** THE TASK **
The line containing "A l'étage, le" and every line after it to the end of the records: set those down exactly, without any pictures.

** GIVEN RECORDS **
::::::

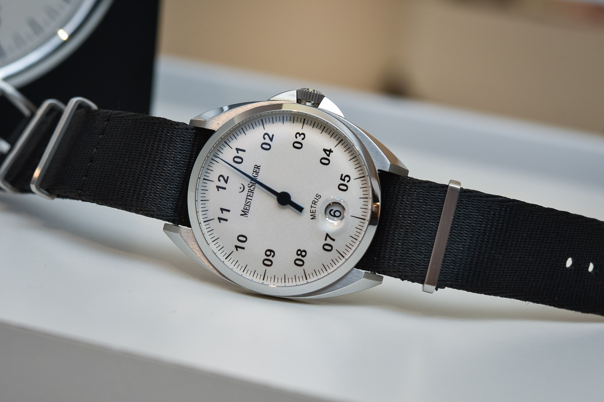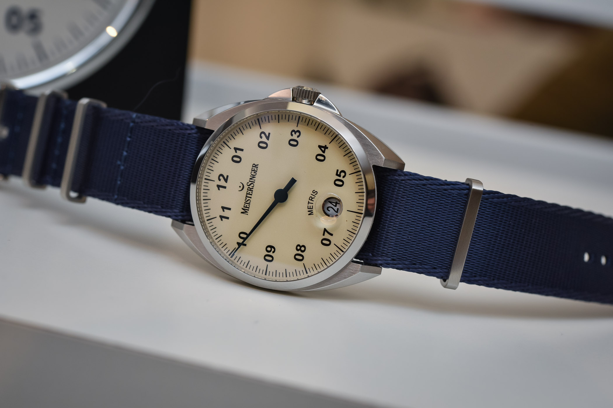 The dial of the Meistersinger Metris collection comes in four variations, but all of them feature a white date wheel. You can choose from an opaline silver, ivory, black or dark blue dial, and all the models come with a beautifully crafted textile NATO-style strap. Each dial comes with a contrasting set of hands and markers. The black dial Metris for instance, has a black central hand, white markers and text, and a red-on-white date wheel. Double-digit hour markers and the central needle-point hour hand are typical Meistersinger themes, which are present in the new line-up too.
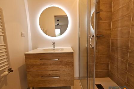 A l'étage, le palier dessert trois chambres avec placards, une salle de bains équipée d'une baignoire et d'un meuble double vasque, ainsi qu'un WC séparé.
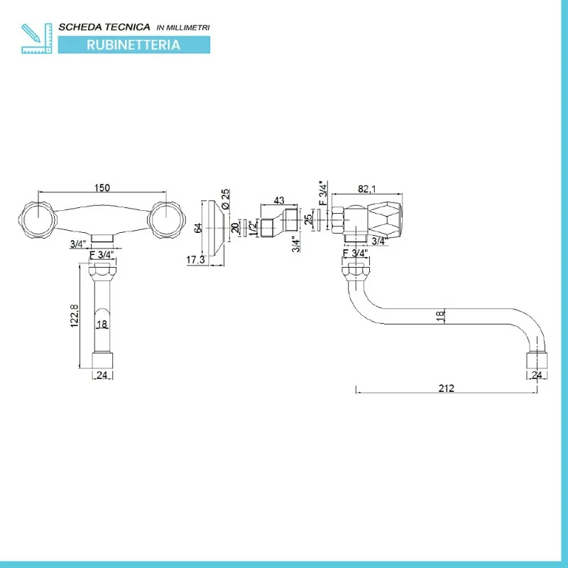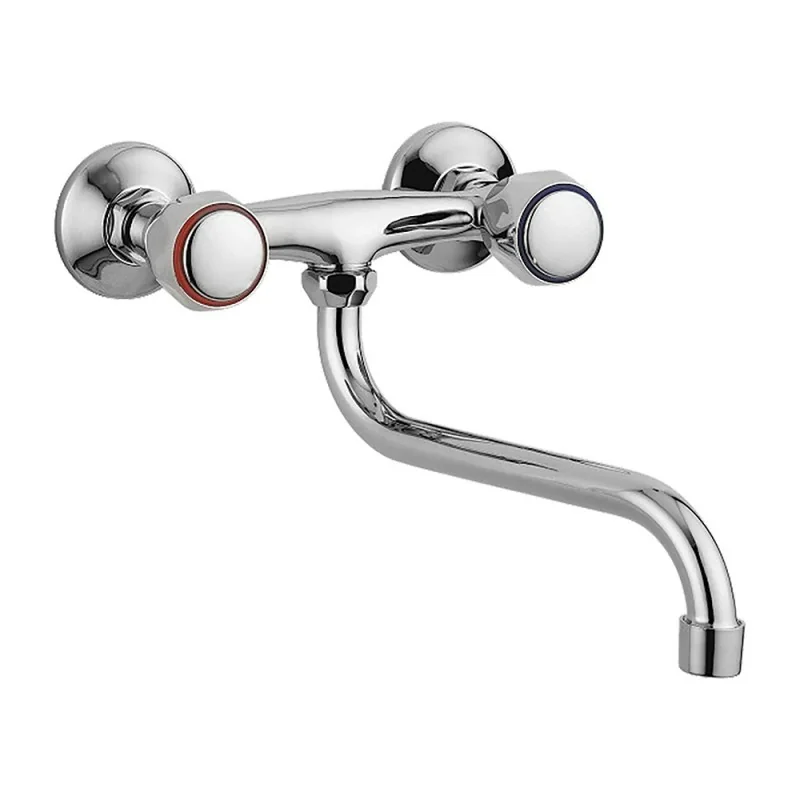 Rubinetto cucina che rappresenta una scelta pratica e di qualità ad un prezzo contenuto,pensato per gli ambienti cucina e lavanderia. L’installazione a parete è una scelta salvaspazio per gli ambienti di uso quotidiano. La doppia manopola permette di miscelare acqua fredda e calda a piacimento.
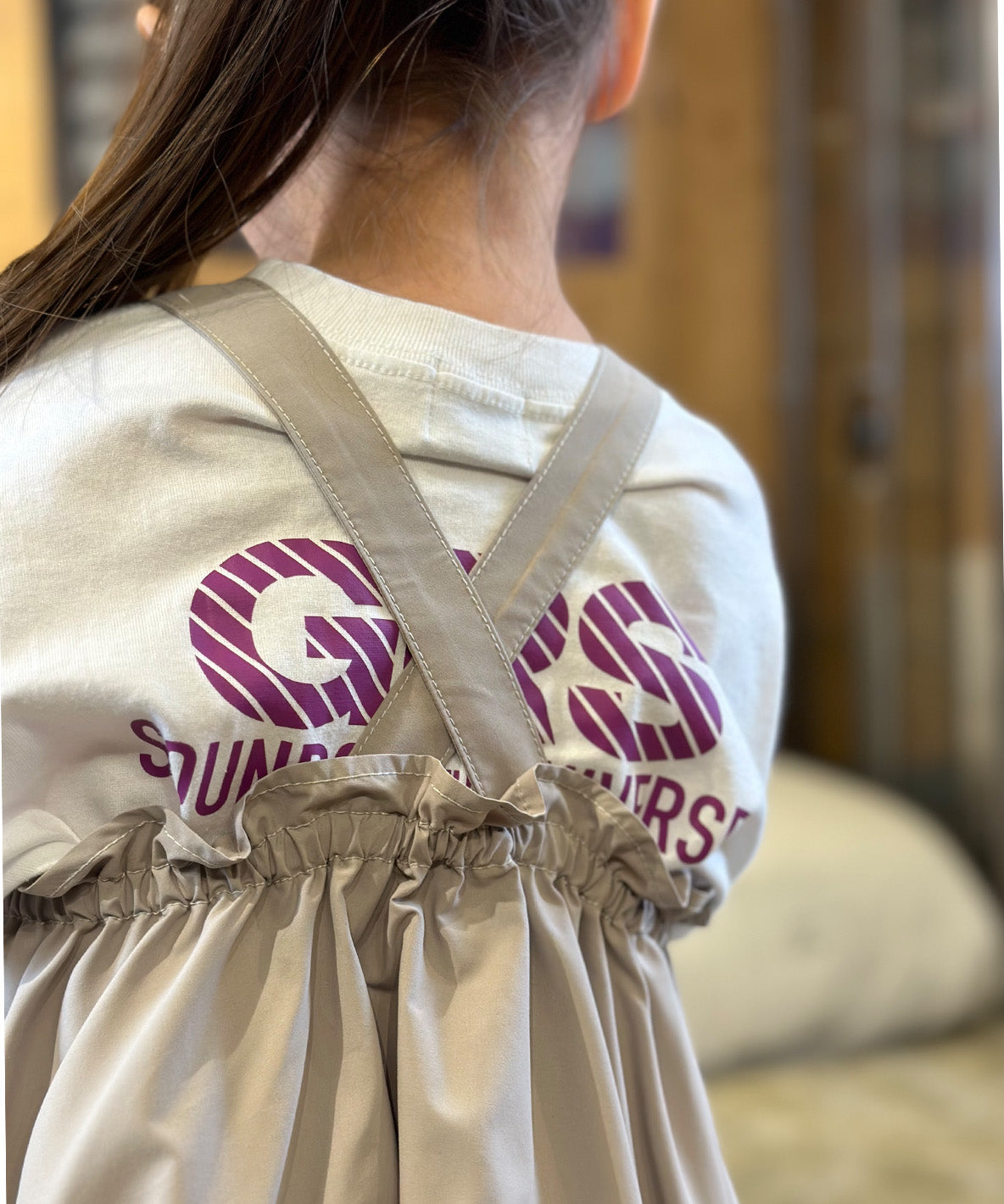 This salopette skit is designed in long length below the knee. It is detailed with frills on the waist. Active dress for your daily outfit. This dress is using the functional material combining the functional material "MINOTECH®" and recycled polyester. This eco-friendly recycled polyester is produced from used plastic bottles, fibers and textile waste. "MINOTECH®" features sliding off droplets function. It also features breathable and stretchy function.
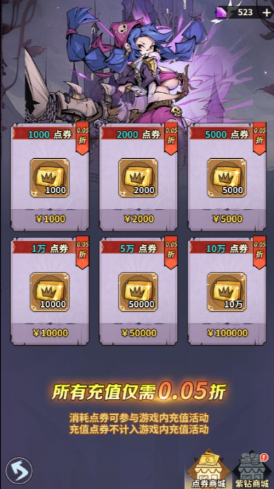 超低折扣:游戏提供终身0.05折优惠,充值比例高达1元:10游戏货币,性价比极高。
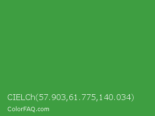 CIELCh 57.903,61.775,140.034 Color is a normal green color and the nearest color is May Green #4c9141. Hex code #3e9e41 and RGB value is rgb(62,158,65). In RGB color space, this color is composed of 24% red, 62% green, 25% blue, In CMYK color space, this color is composed of 61% cyan, 0% magenta, 59% yellow , 38% black , In HSL color space, this color has a hue angle of 122° , 44% saturation and 43% lightness.

::::::

** FINISHED EXERCISE **
 A l'étage, le palier dessert trois chambres avec placards, une salle de bains équipée d'une baignoire et d'un meuble double vasque, ainsi qu'un WC séparé.
 Rubinetto cucina che rappresenta una scelta pratica e di qualità ad un prezzo contenuto,pensato per gli ambienti cucina e lavanderia. L’installazione a parete è una scelta salvaspazio per gli ambienti di uso quotidiano. La doppia manopola permette di miscelare acqua fredda e calda a piacimento.
 This salopette skit is designed in long length below the knee. It is detailed with frills on the waist. Active dress for your daily outfit. This dress is using the functional material combining the functional material "MINOTECH®" and recycled polyester. This eco-friendly recycled polyester is produced from used plastic bottles, fibers and textile waste. "MINOTECH®" features sliding off droplets function. It also features breathable and stretchy function.
 超低折扣:游戏提供终身0.05折优惠,充值比例高达1元:10游戏货币,性价比极高。
 CIELCh 57.903,61.775,140.034 Color is a normal green color and the nearest color is May Green #4c9141. Hex code #3e9e41 and RGB value is rgb(62,158,65). In RGB color space, this color is composed of 24% red, 62% green, 25% blue, In CMYK color space, this color is composed of 61% cyan, 0% magenta, 59% yellow , 38% black , In HSL color space, this color has a hue angle of 122° , 44% saturation and 43% lightness.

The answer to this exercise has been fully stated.